Brands bid on search terms and category placements.
Performance is directly measurable through Returns on Ad Spend (ROAS).
“It’s one of the few marketing levers where you know exactly what you’re getting.”
— Emily Groden
Why Retail Media Matters
1. It drives incremental, measurable velocity
Online sales count the same as in-store sales — and often carry higher margins.
2. Buyers care deeply about online performance
Retailers increasingly view online shoppers as incremental category growth.
“Some buyers will accept lower in-store velocity if online performance is strong.”
— Luke Saunders
3. Barriers to entry are low
Brands can start with as little as $10/day.
Early campaigns can be self-managed.
Agencies become valuable as scale and complexity increase.
4. Listings are digital packaging
Imagery, titles and seasonal updates matter.
“Your retail media listing is another billboard. Don’t sleep on it.”
— Emily Groden
Practical Takeaway
Retail media is no longer optional.
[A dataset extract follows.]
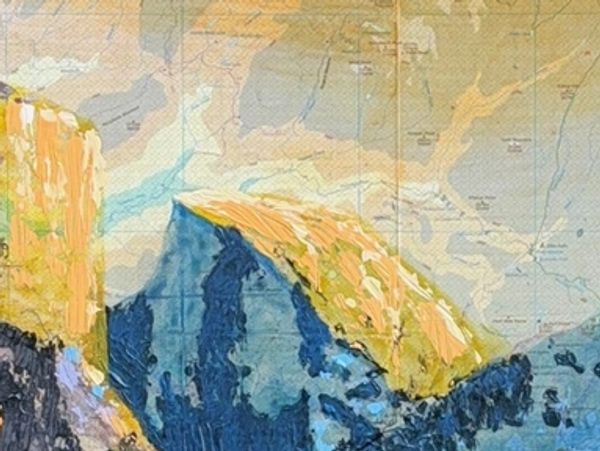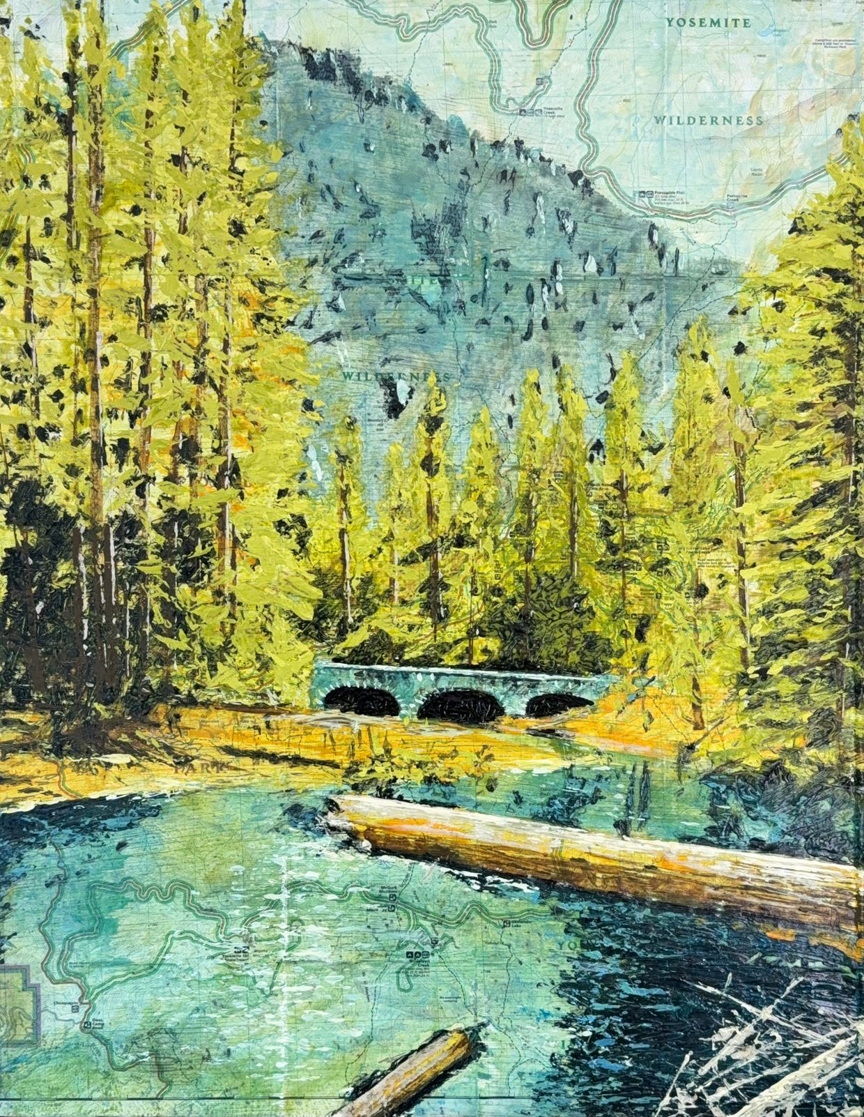 Painted on a map of Yosemite using a stone from the river as a paintbrush.

It is one of the most efficient ways for emerging brands to punch above their weight — especially with high-income, convenience-driven shoppers.
Pricing: The Lever That Can Break Everything
While not a formal section of the webinar, pricing emerged as a recurring theme.
Key lessons:
Price elasticity can be extreme.
Small price changes can double velocity.
Premium positioning only works within consumer tolerance.
“If your price is wrong, nothing else matters.”
— Luke Saunders
Pricing decisions must balance:
Competitive context
Consumer willingness to pay
Brand positioning
Unit economics
As Matt Wachsman noted, hard decisions early — ingredient trade-offs, pack sizes, margin resets — are far easier than correcting course once distribution scales.
Final Takeaway: No Formula — Only Disciplined Learning
Across packaging, promotions, demos and retail media, one theme was consistent: There is no universal playbook.
What works depends on:
Category
Channel
Shopper behavior
Operational maturity
“You have to test, learn, and then test again. That never stops.”
— Greg Keller
For emerging brands, success in retail is not about perfection — it is about speed of learning, clarity of focus, and excellence in execution.
And, according to Greg, above all:
“You’ve got to be in stores. Talking to customers. That never changes.”